The Best Teammate Ever!

Tracking our team’s todos and known issues in Markdown files was a big help for both me and Claude Code. If we came across a problem, or thought of a feature we should add later, we’d document it and continue on with whatever we were working on at the time. (Actually Claude would document it; I’m the team lead, after all, and can’t be bothered.) This, in conjunction with documenting our session notes so Claude had more context across sessions, worked really well. 

I used two sessions at a time, and at the end of each session they’d add a new (and verbose) section about whatever they’d accomplished. On startup the next session would read about the last couple of sessions had accomplished, as well as our growing list of things to do someday. We started defining standards and processes, which made Claude very happy, but these were scattered throughout our various Markdown files. The ginormous amount of things we tracked meant every new session burned through a ton of tokens looking at things that weren’t relevant to whatever I wanted them to focus on. I also found that the longer our todo and known issues files got, the harder it was for me to focus on the big picture.

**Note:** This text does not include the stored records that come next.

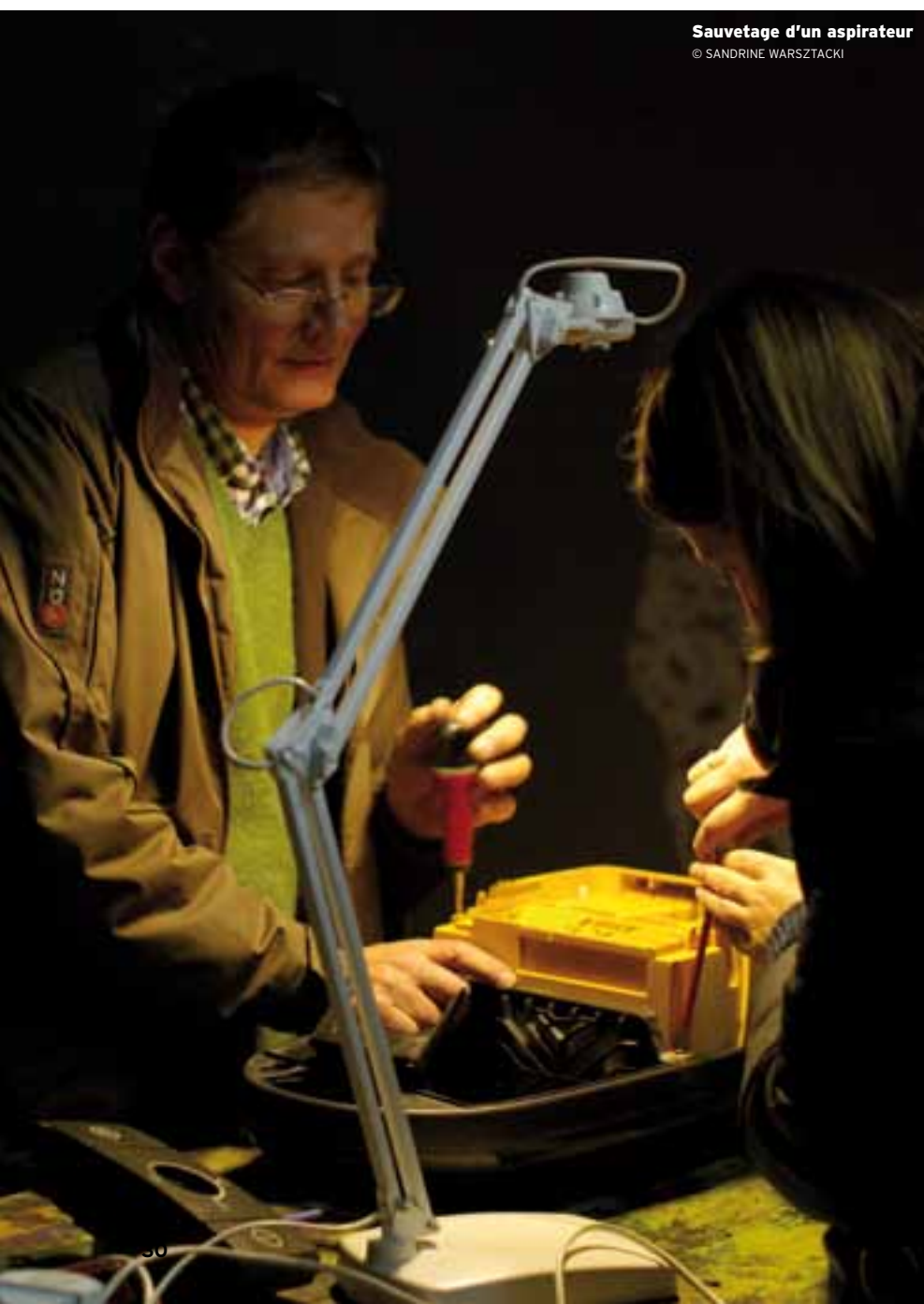
Sauvetage d'un aspirateur

Donneries, marchés gratuits, troc, compostage, potagers de quartier, Repair Café, gratifierias, dégustations de bon sens et autres initiatives citoyennes en faveur de la réduction des déchets et du recyclage fleurissent en Belgique. PAR VINCIANE MALCOTTE
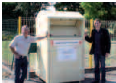
Installation de 7 colonnes textiles - été 2011 Partenaire: La Croix Rouge

La Communauté de communes est gestionnaire de la collecte et du traitement des déchets ménagers sur les 7 communes du territoire.
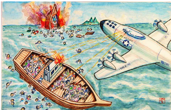
沖縄で島から避難する際、攻撃される様子

今日は、沖縄戦と甬島の学童疎開の関連から、当時の様子をふり返ってみました。数ヶ月の差で、この甬島は、多くの死者が の でることを逃れることができましたが、沖縄のことを考えると、今日の日も、共にその冥福を祈りたいと強く思いました。今日のお話、みなさんはどのように感じるので
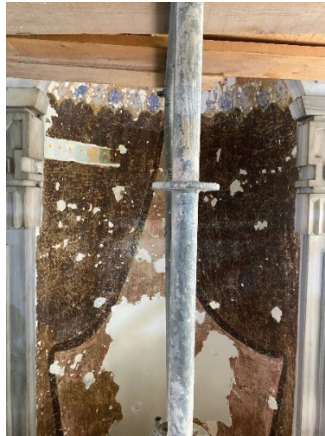
Fotoğraf 27. Mihrap nişinde gün yüzüne çıkarılan kalem işi süslemeler

Yuvarlak kemerli mihrap nişinde yapılan raspa çalışmalarında gün yüzüne çıkarılan kalem işi süslemeler oldukça önemlidir. Nişin üst bölümünden aşağıya doğru iki yana açılmış perde motifi ortaya çıkarılmıştır. Kahverengi tonlarının görüldüğü kompozisyonun iki yana açılan kontur çizgileri kompozisyonun genelinden daha koyu tonlara sahiptir. (Fotoğraf 27) Barok ve Ampir üslup özelliği gösteren perde motifi yapının genelinde ortaya çıkarılan kalem işi süslemelerinden üslup, motif ve renk seçimi açısından farklı olarak kabul edilebilir. Bu durum caminin diğer süslemelerinden farklı bir zamanda yapıldığını düşündürmektedir.
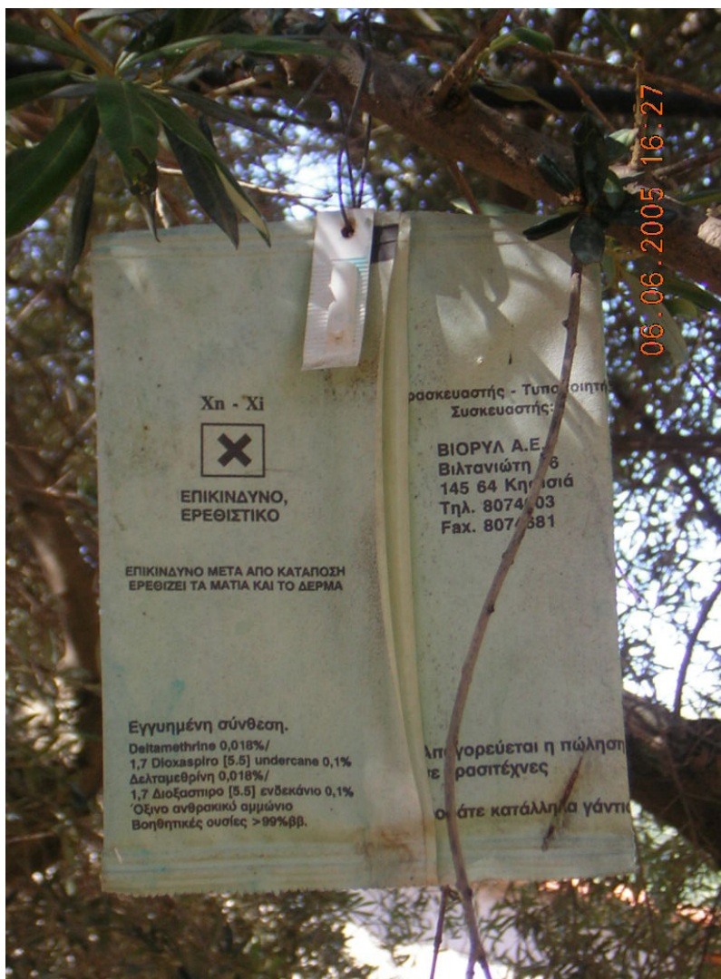
Задна страна на мамка тип „Привлечи и уби” со феромон за контрола на маслиновата мушичка
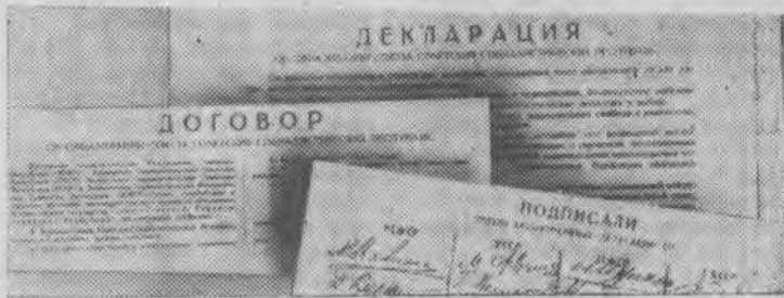
Декларация и Договор об образовании Союза Советских Социалистических Республик, подписанные 30 декабря 1922 года членами полномочных делегаций четырех советских республик.

We made several improvements that improved Claude’s efficiency, and also significantly helped me keep track of everything. The first change was to create a project protocols file. (Claude likes the term “protocols.”) This file contained useful reminders for Claude, like “never change code directly in main” or “form buttons should always be on the top of the form.” This allowed us to simplify our todo list, and helped ensure things were (usually) implemented the same way across sessions. Claude even added this to the end of the protocols file:

Remember: You’re part of a team of sessions working on this codebase. Your work affects others, and theirs affects you. Communicate through documentation, respect the testing infrastructure, and always leave things better than you found them.

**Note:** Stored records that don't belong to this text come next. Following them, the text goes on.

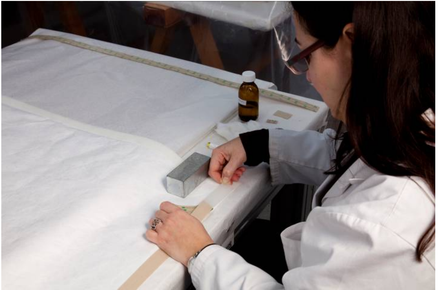
Procés: preparació de la protecció del revers
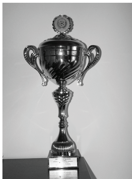
Za awans do ligi okręgowej drużyna „Strażaka” otrzymała wspaniały puchar.
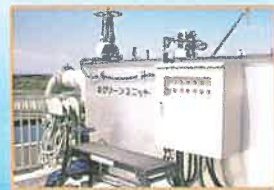
スクリーンユニット
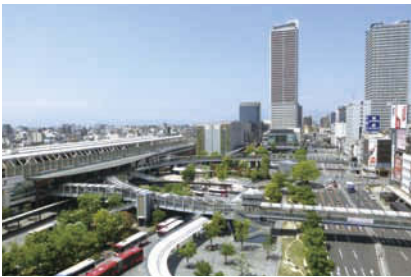
JR岐阜駅周辺 再開発により、めまぐるしく変わるJR岐阜駅周辺。駅とビルをデッキで結び、まちの回遊性を高めていく。
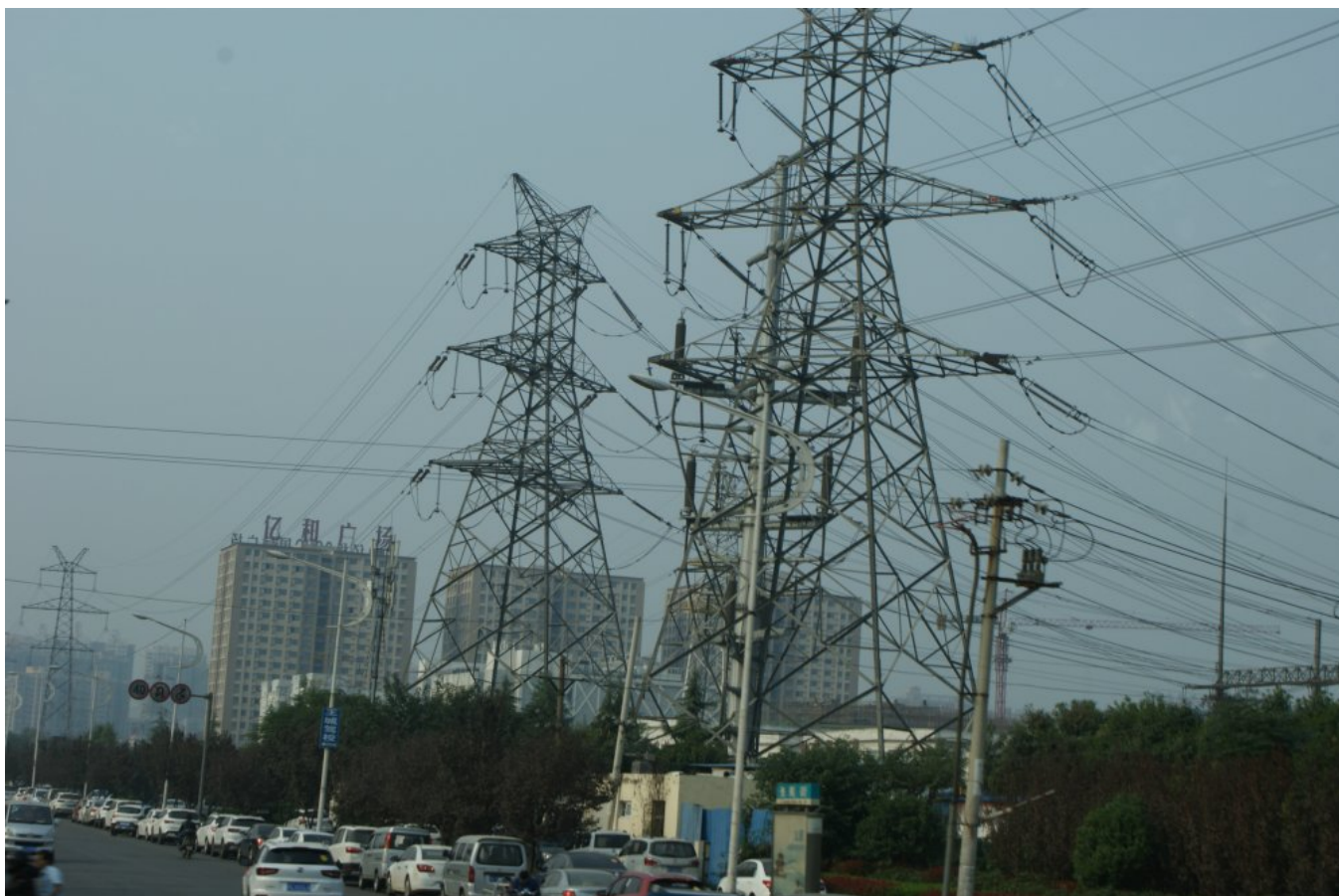
Linie przesyłowe WN

Awww. Isn’t he the best teammate ever?

Of course, our protocols grew…and grew…and grew. This was great: I wanted things to be consistent. (There’s a reason why we added the rule about form button placement…) But eventually we got to where each new session was, once again, reading in a lot of text that wasn’t relevant to them. If I wanted a session to work on the API, there was no need for them to use tokens reading about our UX standards. And so our next improvement was:  

🎯 Just-In-Time Protocol Checking

(Emoji courtesy of Claude.)

Our protocols file is now short, and contains a reference with links to more detailed files. For example:

Working on routes/endpoints? → Read: API Standards

This was AWESOME. Now we (meaning Claude) could document as much as necessary without worrying about efficiency costs.